- Derek Vockins, Julian Tepper, Max Tepper (from left)

Background information
- Origin: New York City, New York, United States
- Genres: Indie rock
- Years active: 2001 – 2005
- Labels: Startime International
- Past members: Max Tepper Julian Tepper Derek Vockins Brad Swiniarski Joachim Kearns John Caselli Tim McCoy
- Website: Official MySpace page

= The Natural History (band) =

The Natural History were a band composed of Tepper brothers singer-guitarist Max and bassist Julian, along with drummer Derek Vockins. After playing locally in the New York area and self-recording their own three-song EP, The Natural History caught the ear of local NYC label Startime International, whose roster includes Brendan Benson, The Walkmen, The French Kicks, among others. Recording with Greg Talenfeld at Stonehouse studio in Nyack, New York, the band released the finished product as a self-titled EP in July 2002. The EP was promoted with a year-full of touring with Enon and Spoon, whereupon the band also found time to record their debut full-length effort Beat Beat Heartbeat, which was released in May 2003.

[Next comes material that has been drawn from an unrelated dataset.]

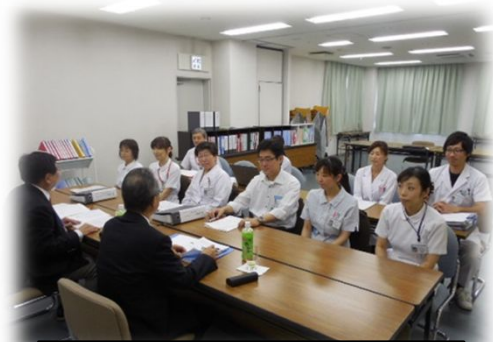
人間ドック健診施設機能評価 面接風景

In 2004, The Natural History recorded a second album called People That I Meet, which was due in the spring of 2005; however, the band soon split from their record label Startime International, and the record's release was postponed indefinitely. Finally, after nearly two years of fishing for a new record label, the record was self-released by the band in November 2007. One of the songs that ended up on the album, "Don't You Ever", was covered by Spoon on their sixth studio album Ga Ga Ga Ga Ga. Spoon also included The Natural History's original version of the song on their EP Don't You Evah, which was released on April 8, 2008. Spoon included "Don't You Evah" on Everything Hits at Once: The Best of Spoon, released by Matador Records in July 2019. An article written for Playboy magazine by Julian Tepper includes a Q & A with Spoon's Britt Daniel, in which the Tepper brothers and Daniel recount the story behind "Don't You Evah".

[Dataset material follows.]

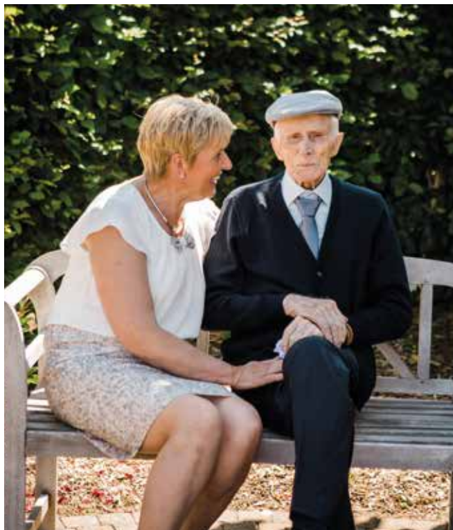
Gerda met pa.

leefruimtes voor onze beide gezinnen. Die privacy was voor mij erg belangrijk.

After People That I Meet was completed in 2004, Derek Vockins left the band to raise a family. He was replaced with drummer Tim McCoy. The band also added a second guitarist, Brooklyn based John Caselli. The newly formed quartet toured the East Coast and Midwest in the Spring of 2005, and followed up that summer with a 3 week tour of England, Norway and Sweden. The new line-up never took wings, and the band dissolved shortly after.

== Band members ==
- Max Tepper – Guitar, vocals
- Julian Tepper – Bass
- Derek Vockins – Drums (2001–04)
- Tim McCoy – Drums (2004–05)
- John Caselli – Guitar (2004–05)
- Sean Hogan – Melodica (2004–06)

== Discography ==
===Albums===
- The Natural History (EP) 2002 Startime International
- Beat Beat Heartbeat (LP) 2003 Startime International
- People That I Meet (LP) 2007 Beat Beat Beat

== Trivia ==
- Max and Julian Tepper are the sons of Grammy-nominated songwriter Robert Tepper, who penned Benny Mardones' 1980 and 1989 hit "Into the Night", one of 10 recordings to ever ascend to the top 20 of the Billboard Hot 100 chart twice. He also had one top 40 hit as an artist, hitting #22 in 1986 with "No Easy Way Out" from the soundtrack to the 1985 film Rocky IV.